Data START

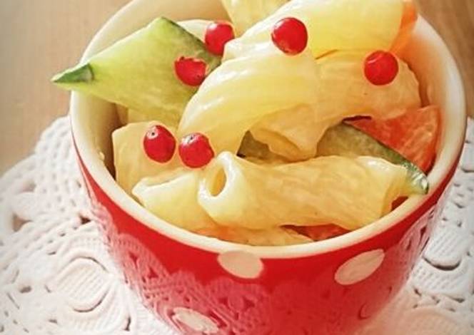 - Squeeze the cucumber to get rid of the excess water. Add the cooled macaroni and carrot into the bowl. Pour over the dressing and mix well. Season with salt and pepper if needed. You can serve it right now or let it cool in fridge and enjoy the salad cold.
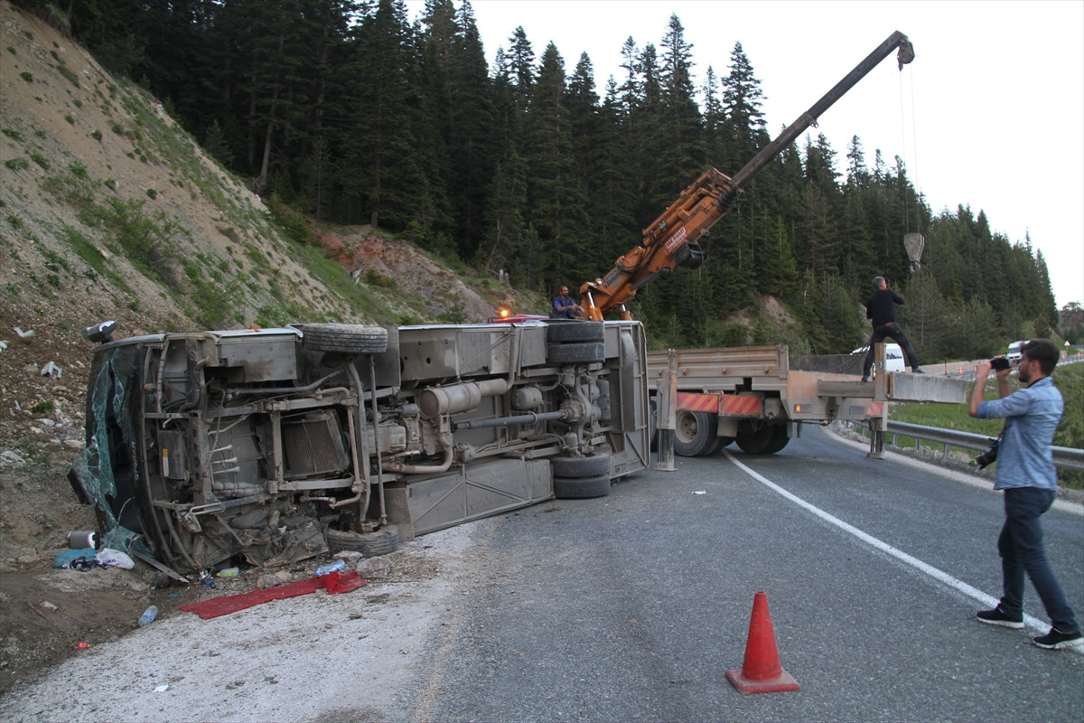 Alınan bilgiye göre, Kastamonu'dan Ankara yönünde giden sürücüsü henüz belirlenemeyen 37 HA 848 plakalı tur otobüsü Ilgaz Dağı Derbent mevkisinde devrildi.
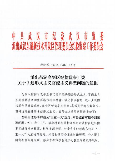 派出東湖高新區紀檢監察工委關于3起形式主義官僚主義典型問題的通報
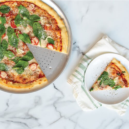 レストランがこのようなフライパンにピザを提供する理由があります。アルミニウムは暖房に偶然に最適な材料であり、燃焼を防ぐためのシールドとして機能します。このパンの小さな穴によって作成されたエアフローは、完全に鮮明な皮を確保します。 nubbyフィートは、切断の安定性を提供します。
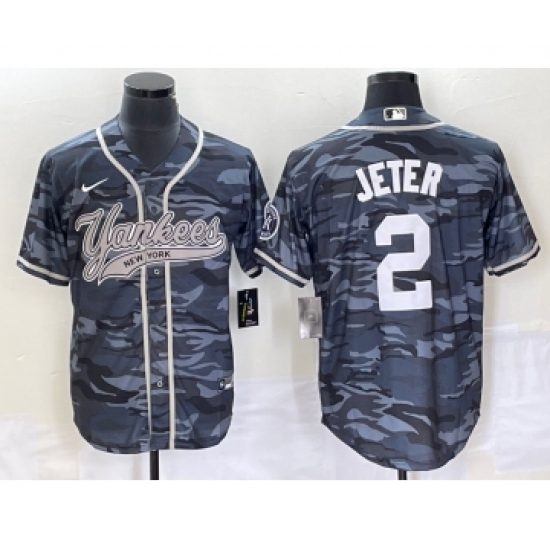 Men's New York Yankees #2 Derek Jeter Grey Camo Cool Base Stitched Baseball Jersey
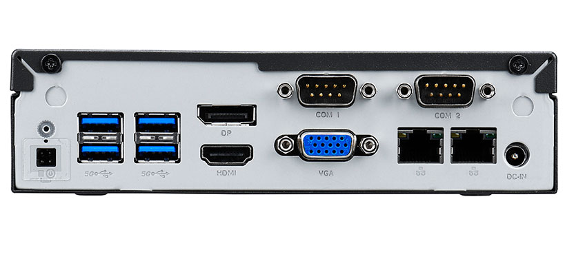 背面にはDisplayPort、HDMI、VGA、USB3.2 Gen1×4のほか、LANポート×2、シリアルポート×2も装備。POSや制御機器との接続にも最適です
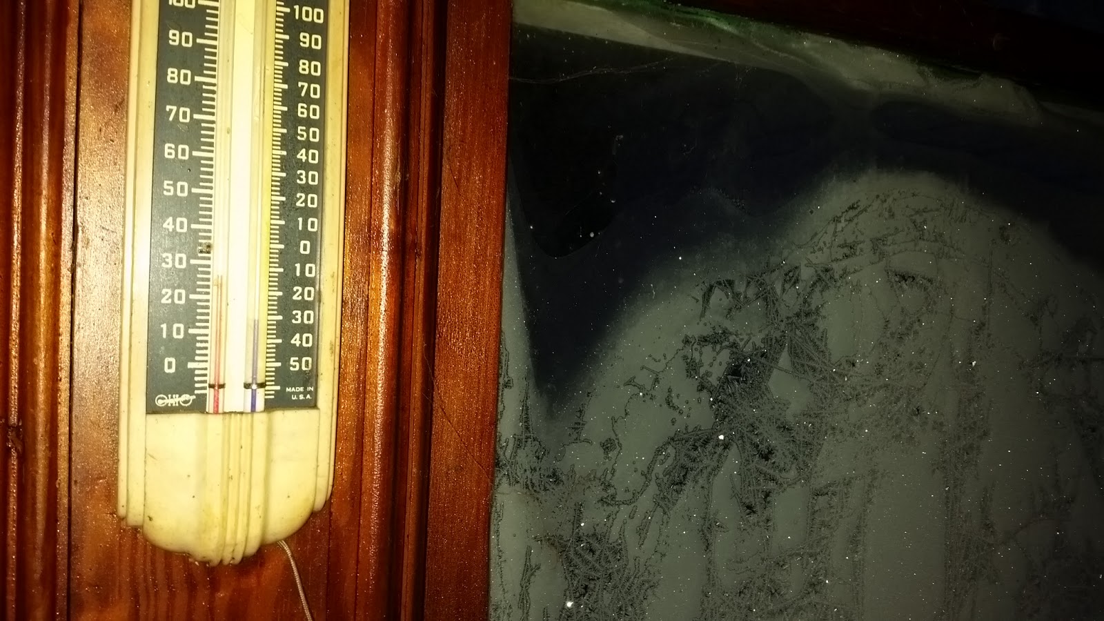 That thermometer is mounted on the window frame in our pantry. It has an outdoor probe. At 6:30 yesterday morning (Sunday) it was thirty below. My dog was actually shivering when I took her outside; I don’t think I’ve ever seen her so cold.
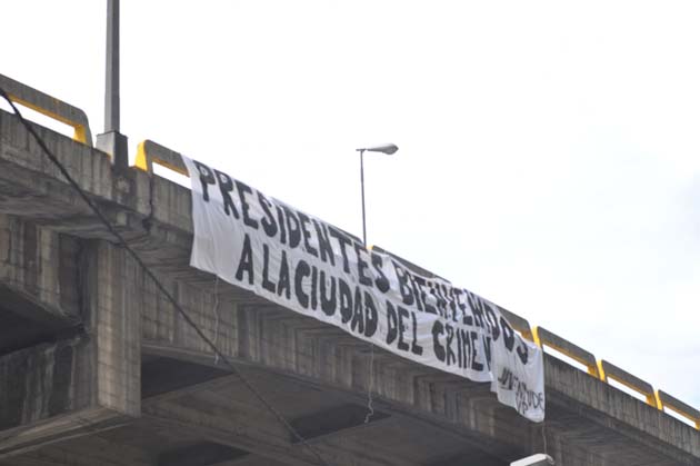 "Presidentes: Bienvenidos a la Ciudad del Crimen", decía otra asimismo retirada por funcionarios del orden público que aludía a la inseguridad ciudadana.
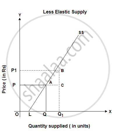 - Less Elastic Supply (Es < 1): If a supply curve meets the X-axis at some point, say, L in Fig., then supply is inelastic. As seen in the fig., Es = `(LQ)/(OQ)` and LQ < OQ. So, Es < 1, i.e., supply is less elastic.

Data END

(The problem) Here the lines from the one with "Men's New York" through the last line of the data above need to be repeated exactly, both included, and any picture omitted.

(Answer box)
 Men's New York Yankees #2 Derek Jeter Grey Camo Cool Base Stitched Baseball Jersey
 背面にはDisplayPort、HDMI、VGA、USB3.2 Gen1×4のほか、LANポート×2、シリアルポート×2も装備。POSや制御機器との接続にも最適です
 That thermometer is mounted on the window frame in our pantry. It has an outdoor probe. At 6:30 yesterday morning (Sunday) it was thirty below. My dog was actually shivering when I took her outside; I don’t think I’ve ever seen her so cold.
 "Presidentes: Bienvenidos a la Ciudad del Crimen", decía otra asimismo retirada por funcionarios del orden público que aludía a la inseguridad ciudadana.
 - Less Elastic Supply (Es < 1): If a supply curve meets the X-axis at some point, say, L in Fig., then supply is inelastic. As seen in the fig., Es = `(LQ)/(OQ)` and LQ < OQ. So, Es < 1, i.e., supply is less elastic.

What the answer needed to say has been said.